Este texto, nem a ferros, conseguiria ser arrancado de um aparatchik.
Só quem é comunista de facto, no seu mais fundo âmago - mesmo que o negue e denuncie abertamente os erros do sistema e dos homens que o serviram - o poderia escrever.
Parece que para além do Abrupto (post de 15 de Janeiro), está também na revista Sábado:
«Nesse dia (9 de Janeiro), no seu meio, numa velha terra meia rural, meia mineira, Jerónimo de Sousa mostrou como a força de resistência do comunismo português assenta numa identidade histórica, hoje muito no passado, mas que é presentificada pela figura do secretário-geral, pela primeira vez um que sentem como sendo “deles”. Cunhal era respeitado e idolatrado, quase como um santo, na fase final da vida quando a doença o distanciou das sedes partidárias e dos comícios. Jerónimo é no palco a incarnação da sala.
Pouca gente como Jerónimo de Sousa fala para a “alma” comunista muito para além da política. Ele é um dirigente comunista popular, o que não é tão comum como isso. Não é por acaso que as camisolas vermelhas dos seus apoiantes dizem um familiar “Jerónimo”, coisa que nunca aconteceria com “Álvaro”, com “Octávio”, com “Carlos”, com “António”. Em Aljustrel, sem ler um papel, como é seu costume quando fala de política, Jerónimo fala da pequena chama que sempre se mantém acesa mesmo nos momentos mais difíceis, usando o exemplo da clandestinidade, as velhas metáforas de alguém mais velho, mais experiente que nos dá a mão quando caímos, que nos mostra que há futuro quando tudo soçobra. Está a preparar o partido para a vitória de Cavaco Silva.
Jerónimo sabe a língua de pau e as convenções, conhece o partido de dentro e sabe como ele se move. Mas tem uma vantagem sobre muitos dos burocratas que não saem das sedes e das reuniões de organismos. Jerónimo conhece o eleitorado comunista, não conhece só o partido. Pode falar aos deficientes das Forças Armadas, dizendo naturalmente que também esteve na guerra (desobedecendo ás instruções do PCP, que pedia aos seus militantes que fizessem o serviço militar e depois desertassem), pode falar dos seus namoricos, da sua infância, do seu trabalho como afinador de máquinas. Conta que não podia ter o cabelo comprido, quando ele se usava entre os jovens, porque isso era incompatível com a higiene exigida numa fábrica, onde as máquinas sujam tudo de óleo, e onde é perigoso deixar-se “agarrar” por uma alavanca, uma roldana ou uma roda dentada.

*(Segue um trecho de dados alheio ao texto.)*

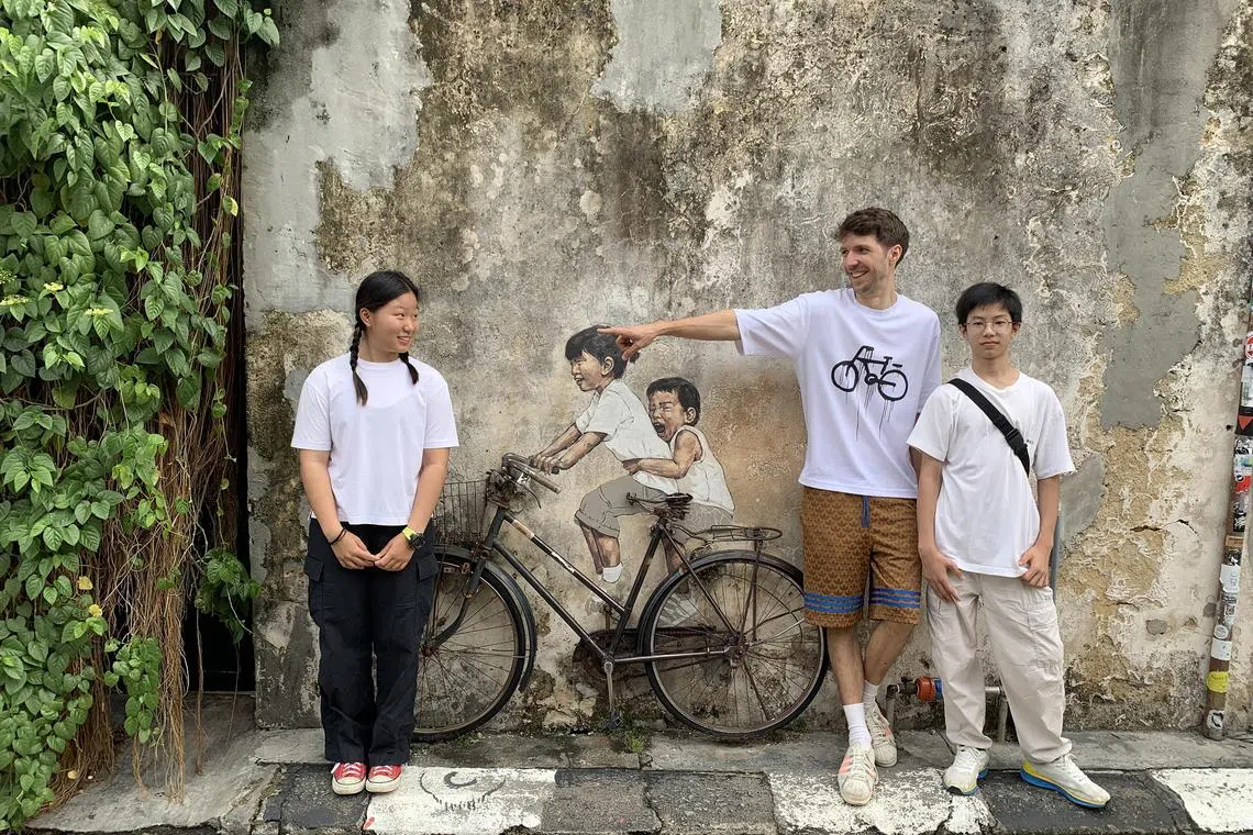 Lithuanian artist Ernest Zacharevic with (from left) siblings Tan Yi and Tan Kern, and Mr Mohammad Shahrul Aiman Mohamed, in Penang.
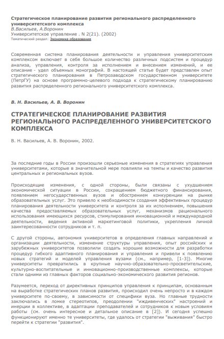 Современная система планирования деятельности и управления университетским комплексом включает в себя большое количество различных подсистем и процедур анализа, управления, контроля за исполнением и внесением изменений, и ее описание – удел объемных монографий. В настоящей статье представлен опыт стратегического планирования в Петрозаводском государственном университете (ПетрГУ) на основе программно-целевого подхода к стратегическому планированию развития распределенного регионального университетского комплекса.

Isto é o tipo de frases que só quem conhece o mundo fabril de dentro pode dizer, e que obviamente mais ninguém na primeira divisão da vida política portuguesa sabe ou pode dizer. É outro mundo, que os yuppies, os funcionários públicos, os estudantes da Católica, os jornalistas, os frequentadores do Lux, os “jovens” da JSD e da JS, os autores de blogues, não conhecem e não lhes passa pela cabeça que lhes digam que também “é a cultura, estúpidos!”.
Por isso Jerónimo de Sousa está a revelar-se o melhor líder para o PCP, – vejam até como os “renovadores desapareceram do mapa político –, na sua difícil sobrevivência e na sua mutação. Porque o PCP muda devagar, mas muda. Cunhal falava do partido para a História, Jerónimo fala do partido para os trabalhadores. Não é a mesma coisa, mas os tempos também são diferentes.»